In 2025, the college replaced its twelve campus chief executive positions with seven campus presidents, several of whom oversee more than one campus.
== Academics ==
CT State offers more than 300 degree and certificate programs.

Connecticut's free-tuition program for community college students, the Pledge to Advance Connecticut (PACT), began in fall 2020 and was later renamed the Mary Ann Handley Award. By October 2025 it had awarded more than $91 million to over 33,500 students.

== Finances ==
In November 2023, Maduko told the Board of Regents that the college faced a combined deficit of $124.9 million over fiscal years 2024 and 2025. A mitigation plan closed the $33.6 million gap for fiscal year 2024 and reduced the projected gap for fiscal year 2025 from $91.3 million to $21.3 million. The shortfalls were attributed to the end of federal pandemic relief funding, rising labor costs and declining enrollment.

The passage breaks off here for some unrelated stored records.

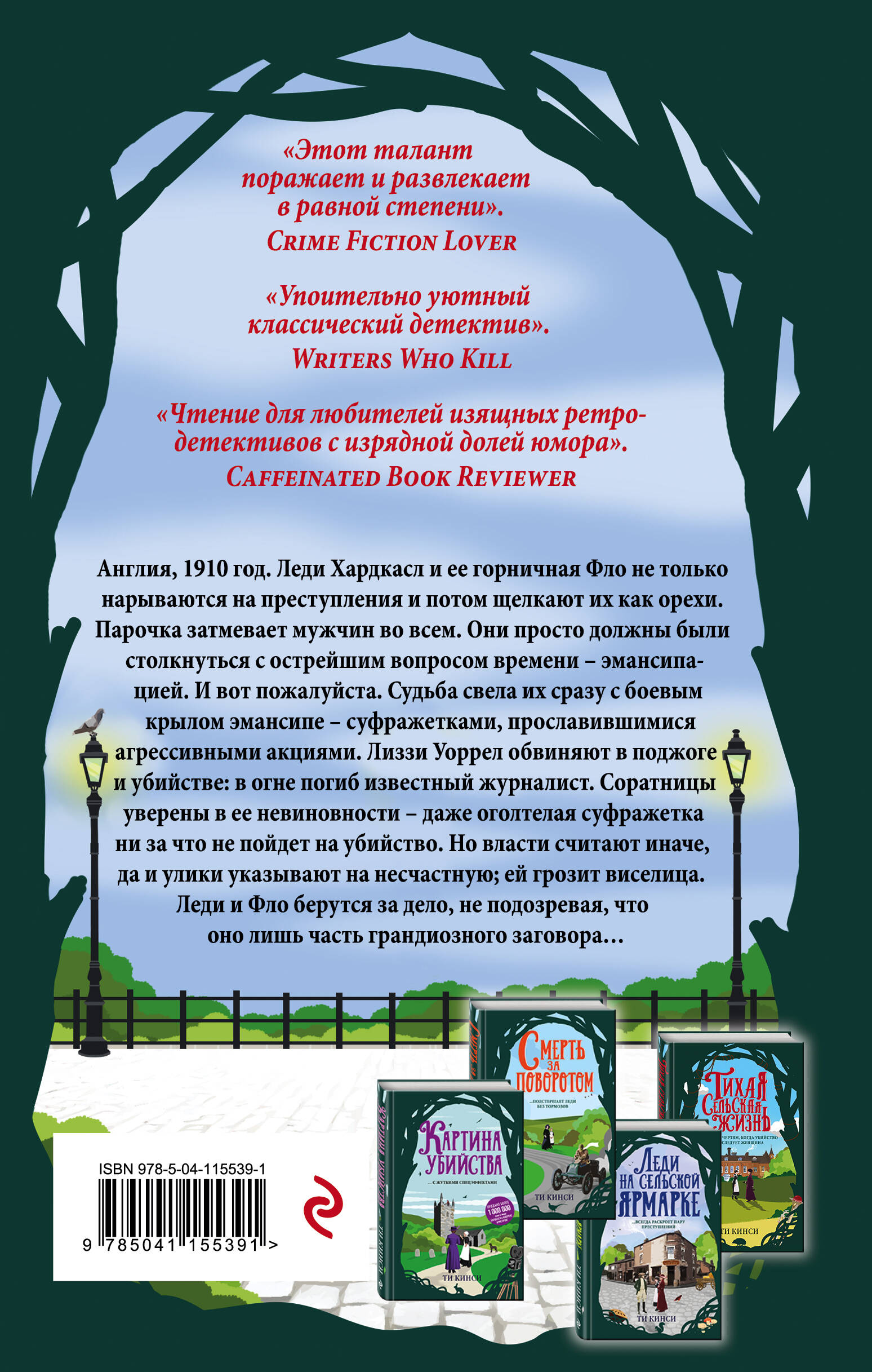 Продано более 1 000 000 книг о леди Хардкасл и Флоренс Армстронг. Англия, 1910 год. Леди Хардкасл и ее горничная Фло не только нарываются на преступления и потом щелкают их как орехи. Парочка затмевает мужчин во всем. Они просто должны были столкнуться с острейшим вопросом времени - эмансипацией. И вот, пожалуйста. Судьба свела их сразу с боевым крылом эмансипе - суфражистками, прославившимися агрессивными акциями. Лиззи Уоррел обвиняют в поджоге и убийстве: в огне погиб известный журналист. Соратницы уверены в ее невиновности - даже оголтелая суфражистка ни за что не пойдет на убийство. Но власти считают иначе, да и улики указывают на несчастную; ей грозит виселица. Леди и Фло берутся за дело, не подозревая, что оно - лишь часть грандиозного заговора… Неуклонно следовать золотым стандартам Кристи и Конан Дойла - и одновременно смело выворачивать их наизнанку… Невозможно? А вот и нет! Cамородок британского детектива виртуозно доказывает обратное. Сочетание классической головоломной интриги и потрясающего современного юмора - стихия Кинси. «Этот талант поражает и развлекает в равной степени». - Crime Fiction Lover «Упоительно уютный классический детектив». - Writers Who Kill «Чтение для любителей изящных ретро-детективов с изрядной долей юмора». - Сaffeinated Book Reviewer «Прекрасный язык, полный каламбуров и аллюзий, которые подарят наслаждение их ценителям и нисколько не испортят удовольствие остальным». - Fangirl Nation| Издательство | ООО "Издательство "Эксмо" |
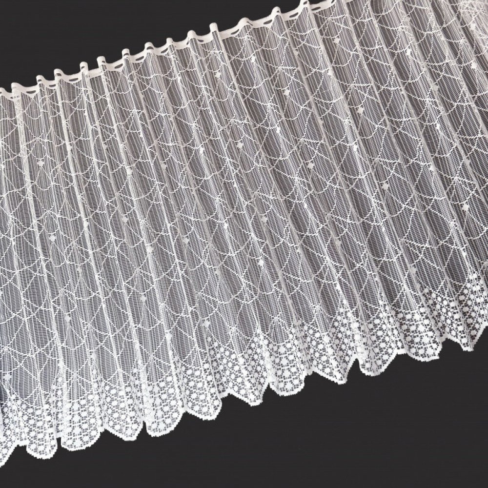 Vitrážová žakárová záclona v bílé barvě se vzorem.
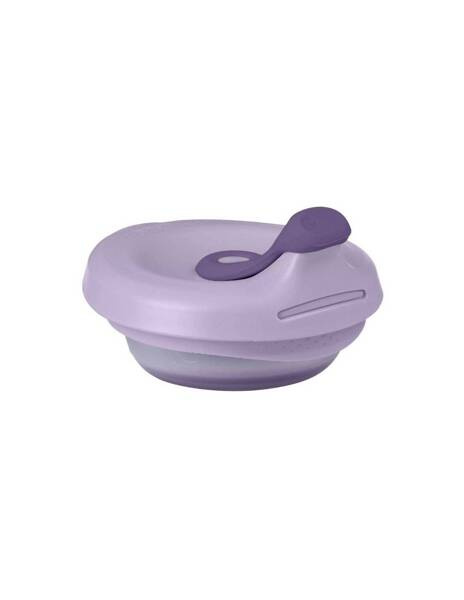 Oryginalna silikonowa miseczka z pokrywką, dzięki której z łatwością nakarmisz malucha w podróży.
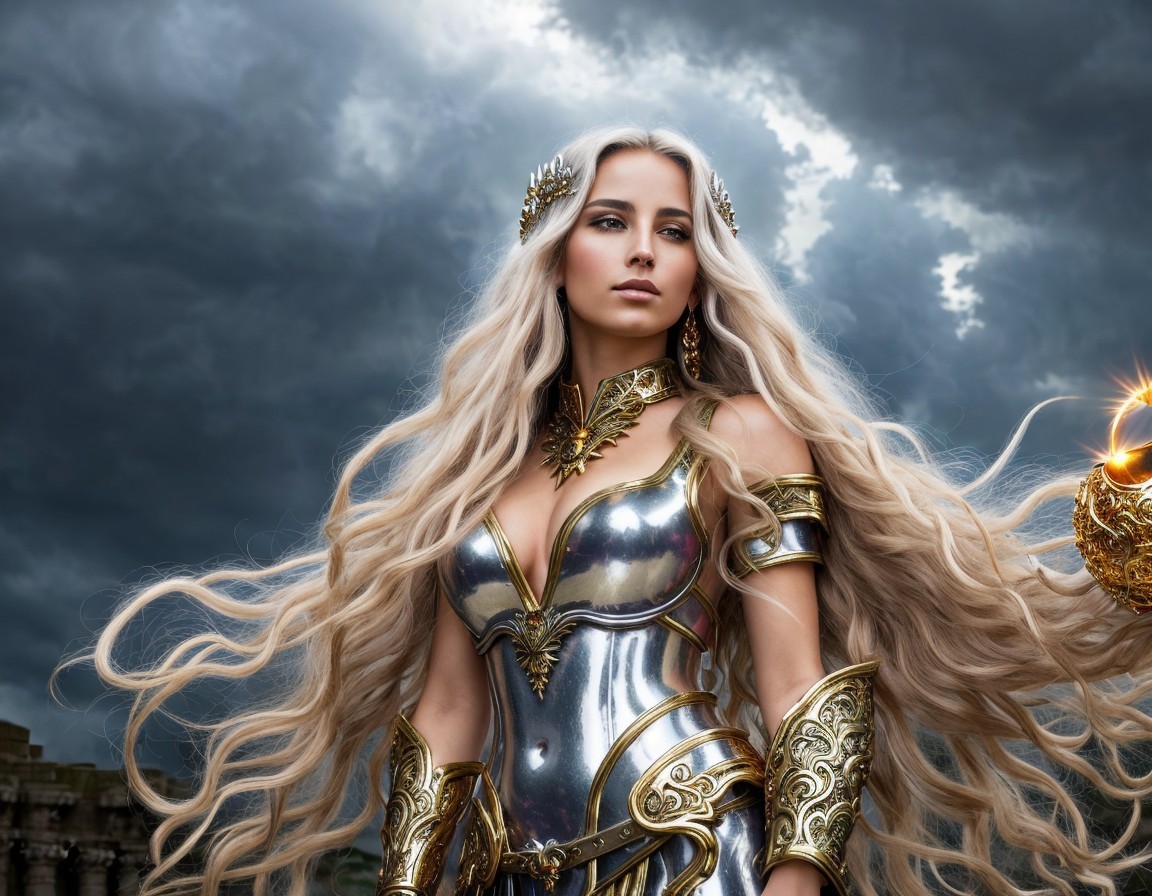 Prompt: "Radiant goddess with flowing golden hair, adorned in shimmering silver armor, holding a gleaming golden apple, surrounded by swirling chaos and discord, mythical setting with ancient ruins, dramatic clouds in the sky, ethereal and mystical atmosphere, intricate details on the armor and accessories, dynamic pose exuding power and mystery, vibrant colors of gold, silver, and deep purple, divine lighting casting dramatic shadows, a blend of classical and fantasy elements, digital painting, high resolution for intricate details, inspired by classical mythology and fantasy art, ArtStation showcase."

The Board of Regents froze tuition for the 2025–26 academic year, and in October 2025 voted to freeze it again for the following year.

=== Enrollment and student body ===
CT State enrolled 34,991 credit students in fall 2023 and 36,315 in fall 2024. CSCU reported a 4.3% enrollment increase at the college for fall 2025.

In spring 2024, 31% of students identified as Latino, 66% were first-generation college students, 70% attended part-time and 60% were women.